Hand back every line from the beginning of the data below through the line containing "Pink-A-Blue Lungwort features", word for word and free of pictures.

▶ _Data excerpt_
········

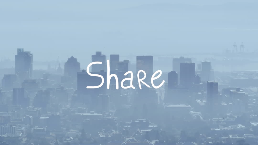 Text overlay of 'Share' on an aerial view of a city skyline. Atmospheric orientation of interconnected networks. Suitable for promoting collaboration, content sharing initiatives, or digital connectivity themes. Useful in business presentations, corporate communications, or digital marketing materials to emphasize network building.
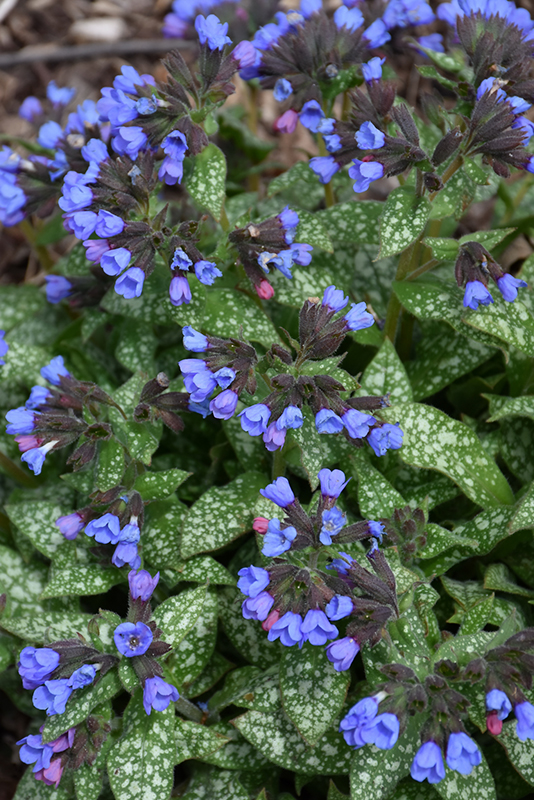 Pink-A-Blue Lungwort features delicate clusters of blue bell-shaped flowers at the ends of the stems from mid to late spring, which emerge from distinctive pink flower buds. Its attractive narrow leaves remain green in color with distinctive silver spots throughout the season.
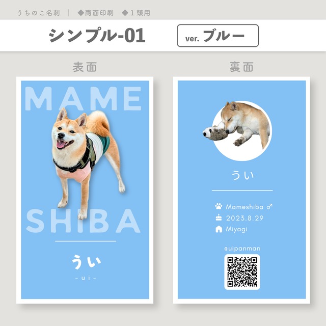 ✧こちらは "1頭用" の名刺になります ✧専門業者が印刷するため "高品質" な仕上がりに ◎ ▼商品について ______________________________ ✩︎⡱ 印刷面:両面印刷 ✩︎⡱ 枚数 :100枚 ✩︎⡱ サイズ:91mm × 55mm ✩︎⡱ 用紙 :アートポスト 220g 厚さ0.25mm (名刺印刷で一番多く使われる用紙) ▼ご準備いただくもの ______________________________ ①うちの子のお写真 ②うちの子のプロフィール情報 ▼取引の流れ ______________________________ ①この出品ページからご購入 ②上記の「ご準備いただくもの」をメッセージ機能にて送付 ③デザイン制作 ④デザイン確認 ※修正は3回まで ⑤印刷業者にて印刷 ⑥発送 ▼ご案内 ______________________________ ✩︎⡱ デザインの色味は印刷すると イメージと多少異なることがあります。 ✩︎⡱ 丁寧、迅速な対応を心がけますが、 不慣れな点はどうぞご了承ください。 #うちの子名刺 #うちのこ名刺 #ペット名刺 #犬名刺 #猫名刺 #名刺 #犬グッズ #猫グッズ #犬 #猫
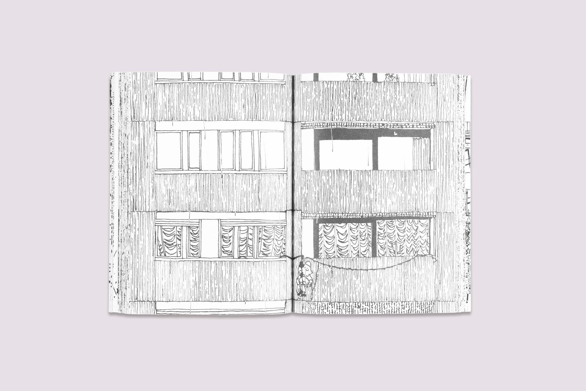 The drawings were made with felt pen in small notebooks. The hours-long work on the drawings, which are all made right on the spot, displaces Giezendanner into meditation and lets him perceive the urban space in different ways.

········

▶ _Response to the task_
 Text overlay of 'Share' on an aerial view of a city skyline. Atmospheric orientation of interconnected networks. Suitable for promoting collaboration, content sharing initiatives, or digital connectivity themes. Useful in business presentations, corporate communications, or digital marketing materials to emphasize network building.
 Pink-A-Blue Lungwort features delicate clusters of blue bell-shaped flowers at the ends of the stems from mid to late spring, which emerge from distinctive pink flower buds. Its attractive narrow leaves remain green in color with distinctive silver spots throughout the season.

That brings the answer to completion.